Transparency is usually treated as an unquestionable virtue. In markets and public policy alike, the assumption is simple: the more people know, the better their decisions will be. But in places where trust in institutions is fragile and information scarce, transparency can have unintended consequences. However, a new study published in The Review of Economics and Statistics (“When Transparency Fails: Financial Incentives for Local Banking Agents in Indonesia”) by Erika Deserranno (Bocconi Department of Economics), Gianmarco León-Ciliotta (Universitat Pompeu Fabra, Barcelona) and Firman Witoelar (Australian National University) shows that revealing how much local banking agents are paid can actually undermine trust and stall the adoption of beneficial financial products.

Across much of the developing world, access to banking depends on local agents: shopkeepers and small business owners who act as intermediaries for banks. Indonesia embraced this “branchless banking” model in 2014 to bring savings accounts and digital wallets to rural areas. Agents earn commissions for each customer they sign up, creating a classic policy challenge: how to motivate effort without eroding trust.

As the study notes, “technology adoption depends crucially on the local delivery agents being motivated enough to promote the product […] but also on the community having enough trust in the local agent.”

A simple experiment, a surprising result

To understand how incentives and trust interact, researchers ran a large-scale field experiment in 401 villages in East Java. They varied two things: the level of commissions paid to agents (low or high), and whether those commissions were kept private or disclosed to potential customers. When commissions were high and kept private, the results were striking. Adoption of new banking products more than tripled. Agents worked harder, approached more people, and customers who opened accounts actively used them, increasing savings and transactions. But when the same high commissions were made public, the effect disappeared. Despite higher effort by agents, take-up and usage did not increase at all.

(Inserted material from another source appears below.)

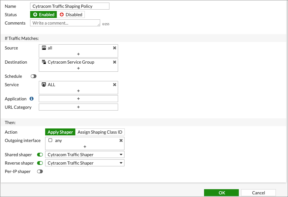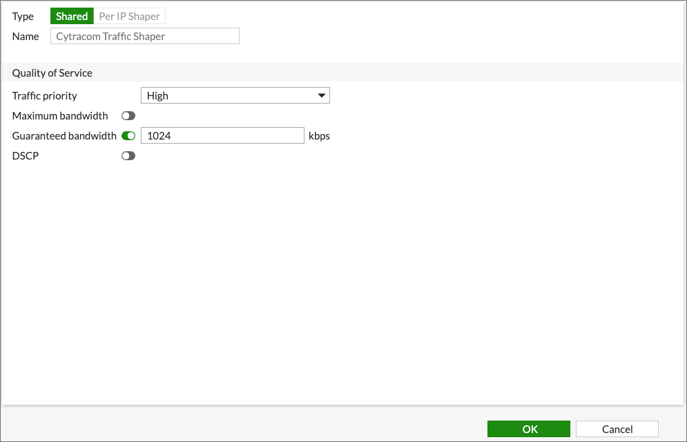 • Shared Shaper: Enabled (Select Cytracom Traffic Shaper)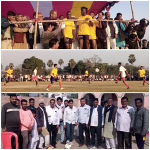 वैशाली पिछले वर्ष शहबाजपुर पुरैना फुटबॉल टूर्नामेंट का चैम्पियन रह चुके ब्लू स्टार फुटबॉल क्लब जलालपुर बीरभान ब्लॉक चेहरा कला , पंचायत शाहपुर खुर्द का खेल प्रखंड एवं पंचायत शाहपुर खुर्द के सौजन्य से आयोजित हुआ जिस का फुटबॉल खेल शाहबाजपुर पुरैना पातेपुर फुटबॉल टूर्नामेंट में 23 फरवरी 2024 को सेमीफाइनल का फुटबॉल खेल अमित एलेवेन फुटबॉल क्लब मुजफ्फरपुर के साथ फुटबॉल खेल का बेहतरीन प्रदर्शन किया खिलाड़ी अपने खेल खेलते हुए अपने समय काल के प्रथम हाफ में दोनों टीम ने -1 – 1- एक गोल कर अपने अपने टीम को बराबरी दिलाई तथा दूसरे हाफ के खेल खेलते हुए ब्लू स्टार फुटबॉल क्लब जलालपुर बीरभान की टीम के नाईजीरियन खिलाड़ी नंबर 11 और खिलाड़ी नंबर 9 ने -1-1- गोल पोल में दाग कर 2 गोल कर ब्लू स्टार फुटबॉल क्लब को 3 – 1 से जीत दिलाई और फाइनल में जगह बनाने में कामयाब रहे जिस का फाइनल मैच का आंखों देखी खेल दर्शक पुरैना फुटबॉल मैदान में 25 फरवरी 2024 को न्यू टाइगर फुटबॉल टीम भेरोखड़ा पातेपुर के साथ खेल देखेंगे आज के खेल में मुख्य अतिथि के रूप में खेल प्रेमी मुखिया शंभू शरण राय हलैया , मुखिया पति मनोज राय शाहपुर खुर्द , मुखिया भोला राय भेरोखड़ा , पूर्व मुखिया मुस्तफा हसन चांदपुर , जैनुल आबेदीन कोलकाता , जदयू लीडर इकराम उल हक , पूर्व जिला पार्षद सीता राम राय, राजद पार्टी के जिला वैशाली महासचिव सरफराज एजाज , डॉक्टर आफताब आलम चैनपुर , वी , आई , पी , पार्टी के प्रखंड चेहरा कलां अध्यक्ष नरेश सहनी , राजद लीडर मोहम्मद कामरान समेत मैदान के चारों तरफ खेल प्रेमी ने खेल का आनंद लिया ज्ञात हो कि इस खेल को कामयाब बना ने के लिए ब्लू स्टार फुटबॉल क्लब जलालपुर बीरभान के खेल प्रेमी बच्चे बूढ़े जवान एवं ग्राम निवासी एवं पंचायत निवासी ने तन मन धन जन से सहयोग किया जो अति सराहनीय रहा ।

When incentives become signals

The reason lies in how people interpret incentives. In communities with little prior exposure to formal finance, compensation acts as a signal of intent: learning that an agent was paid a generous commission often triggered suspicion rather than reassurance. In the authors’ words, “financial incentives send a negative signal to potential clients about the reliability and trustworthiness of the product.” High disclosed incentives were interpreted as a sign that agents were motivated by money rather than by customers’ interests. Trust declined not only in the agent, but also in the bank and the product itself. Once trust eroded, extra persuasion no longer translated into adoption.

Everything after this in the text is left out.